Evan felt that it would take all his moral valor to "bear it" without the "grinning." He fulfilled that latter half of Charon's command—it seemed like a command rather than a suggestion, to the bank-trained clerk—three or four years later.
"But what about the fifty dollars I owe the bank?" he asked.
"I suppose you'll have to put it up," said Charon, studying the expression of the face before him.
"But there is three months' salary coming to me, according to the Rules and Regulations," replied Evan.
The accountant did not have to scratch his head; apparently he was prepared to act deliberately.
"Well," he said, "since they haven't said anything about the silver you had better say nothing. We are paying you two weeks in advance; let it go at that."

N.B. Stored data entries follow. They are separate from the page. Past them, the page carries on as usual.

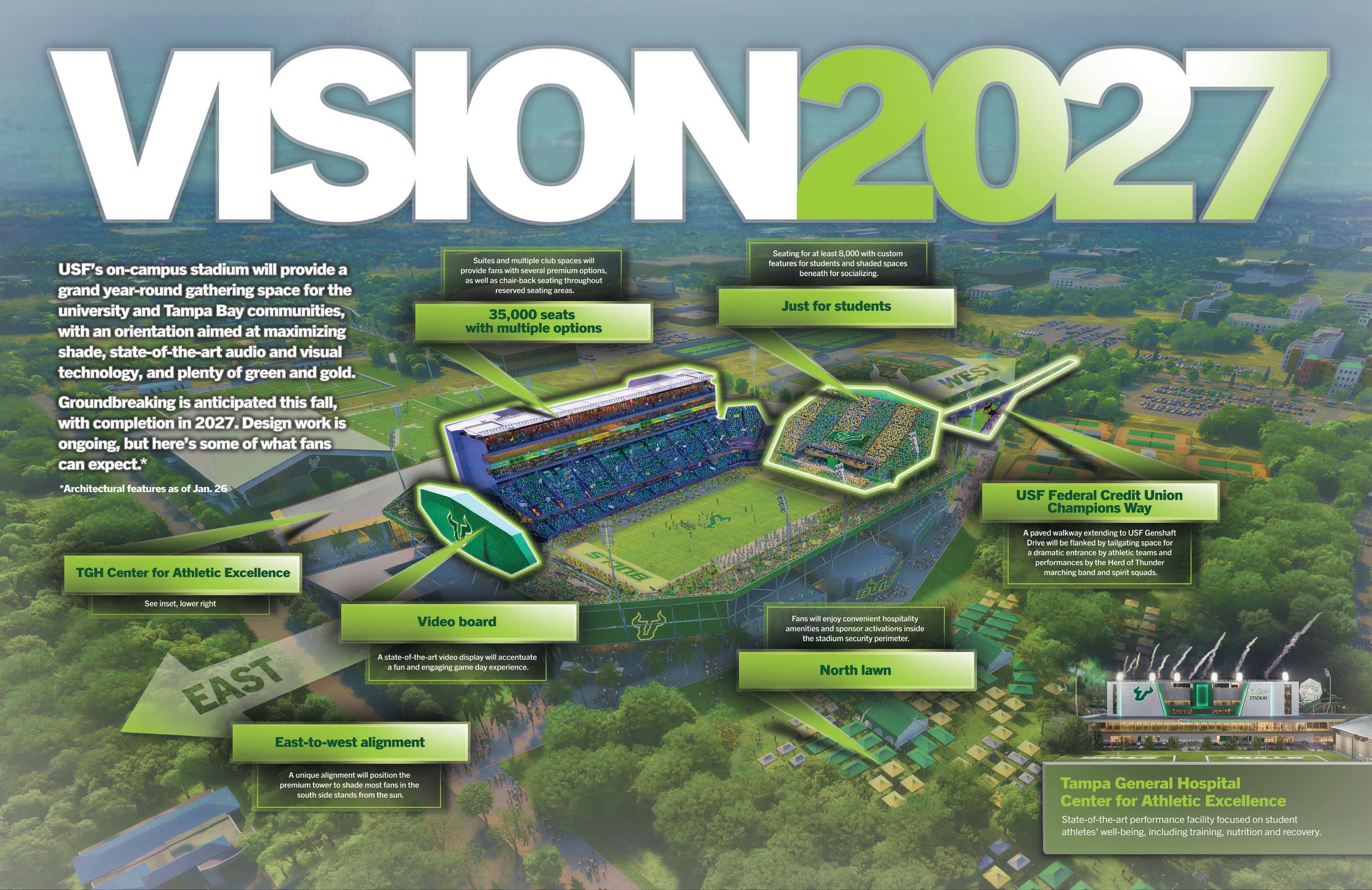 As we celebrate the many accomplishments of our student-athletes, we are also looking ahead to the impact our on-campus stadium will have as the home of our football and other athletics programs and as a venue for concerts, festivals and more. The illustration on pages 22-23 gives you an idea of our plans for the stadium, projected to open in fall 2027. Since we first announced this project, it is the topic I hear about most often from our passionate supporters, who are genuinely excited about what a game-changer this facility will be for our university.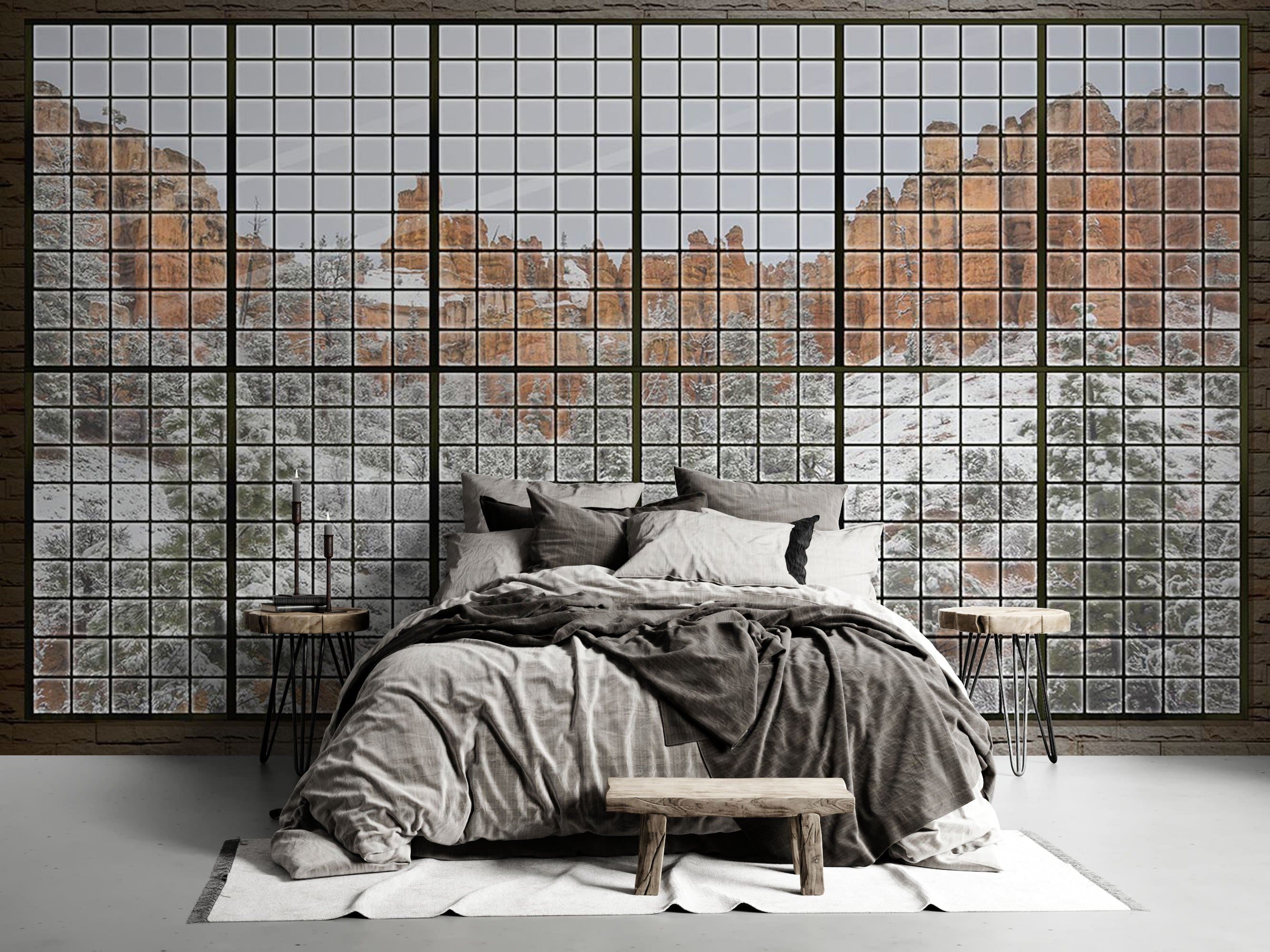 Look through the window and enjoy the beautiful snow scenery with this winter landscape of snowy mountains view through wallpaper mural. Add a peaceful touch and extend your room space with white snow mountain. Perfect wallpaper to bring nature close to your bedroom and living room.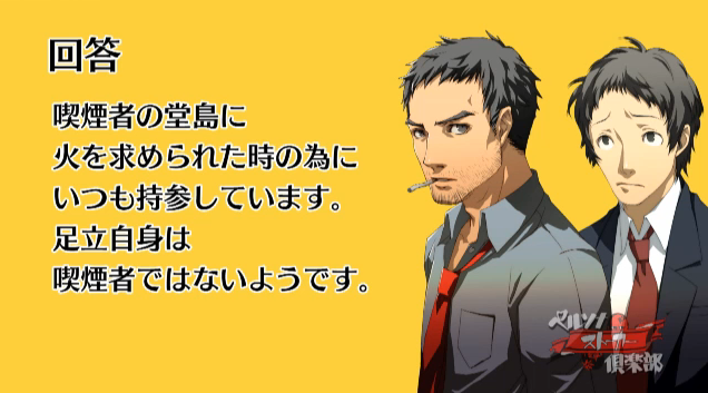 …only to have Matsumoto and his “chocopan” from the previous episode make another appearance. He can’t seem to get enough of those! Adachi’s voice actor Mitsuaki Madono does shows up as episode 5’s special guest, though, and they share a few Adachi facts, such as one fan mentioning that Adachi’s hobby is to do maintenance on his revolver gun, but as it turns out, since he can’t take home the one he owns, he actually likes to do maintenance on model guns at home. One fan asks if Adachi is a smoker, since there was that one scene, where he’s shown with a lighter in his pocket. Madono points out that he is never shown smoking, but as it turns out, it’s something he keeps with him at all times to light Dojima’s cigarettes.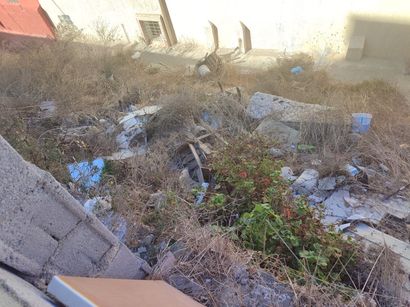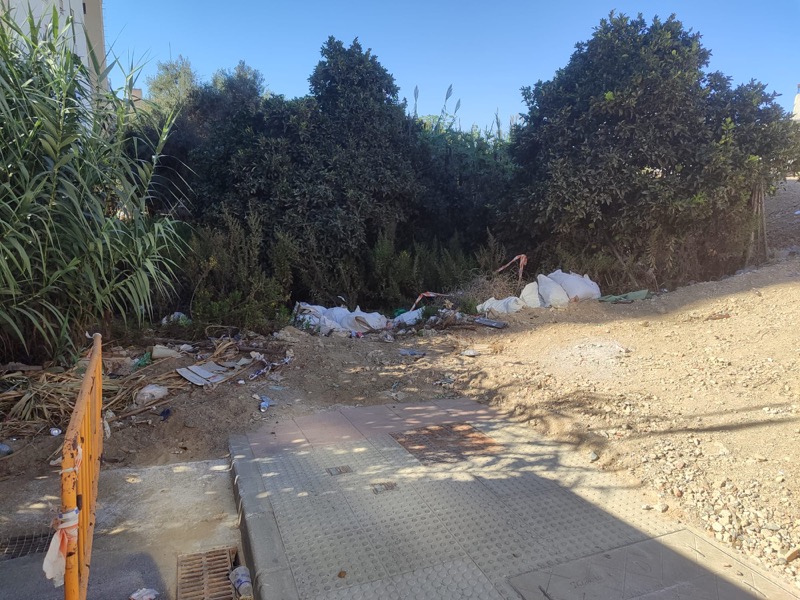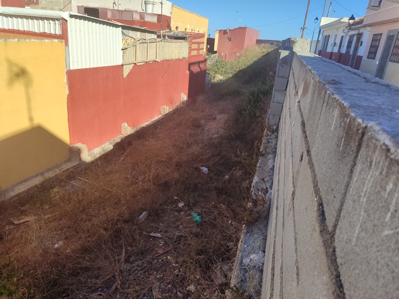 Otro de los problemas graves que sufre la barriada son los seis solares en condiciones higiénicas lamentables. Romero detalla que la respuesta habitual de la Administración es que antes deben localizar a los propietarios para notificarles, un procedimiento que se alarga sin dar una solución.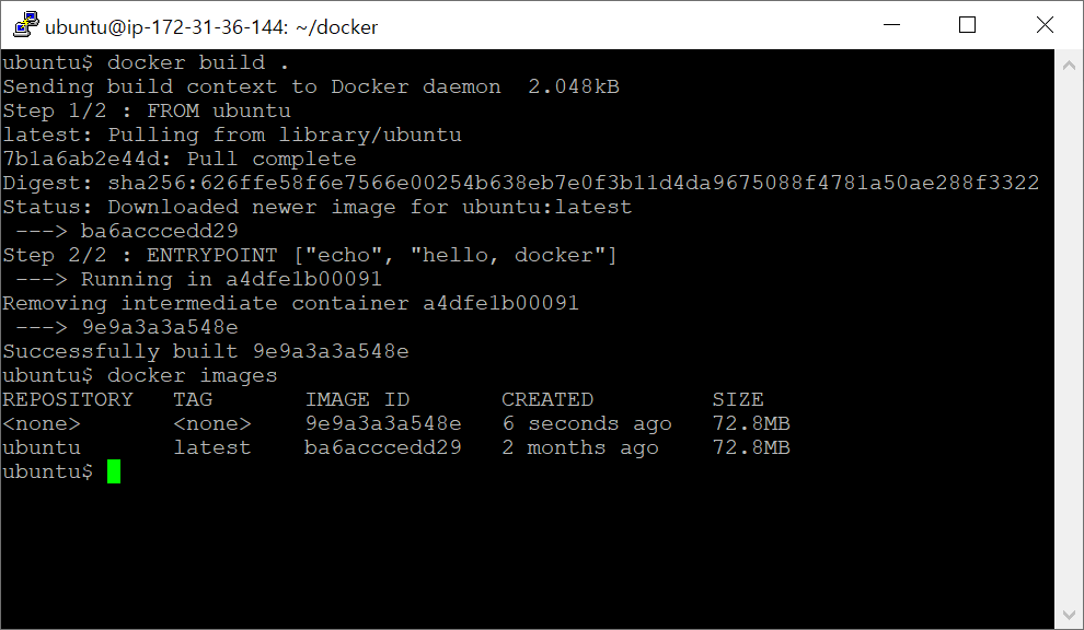 이미지가 두개 생겼는데 하나는 FROM에 사용된 ubuntu이미지, 다른 하나는 우리가 만든 이미지인데 이름을 명시하지 않아서 <none>이미지가 하나 생겼다.

For a moment Evan figured. There is no crisis where a bankclerk can't figure. Three months' salary would be $90. That was coming to him. But he owed the bank $50, and they had paid him $15 more than was due, leaving only $25 due him. It would not pay to fight them for so small an amount. In fact, he did not know how to fight; besides, the vim was knocked out of him and he only wanted to get away from that wretched office. A strong revulsion possessed him; he turned away from the accountant without answering, and his eyes wandered about the dark, bad-smelling office. He suddenly discovered that he hated every desk, every book, and the brazen-faced fixtures.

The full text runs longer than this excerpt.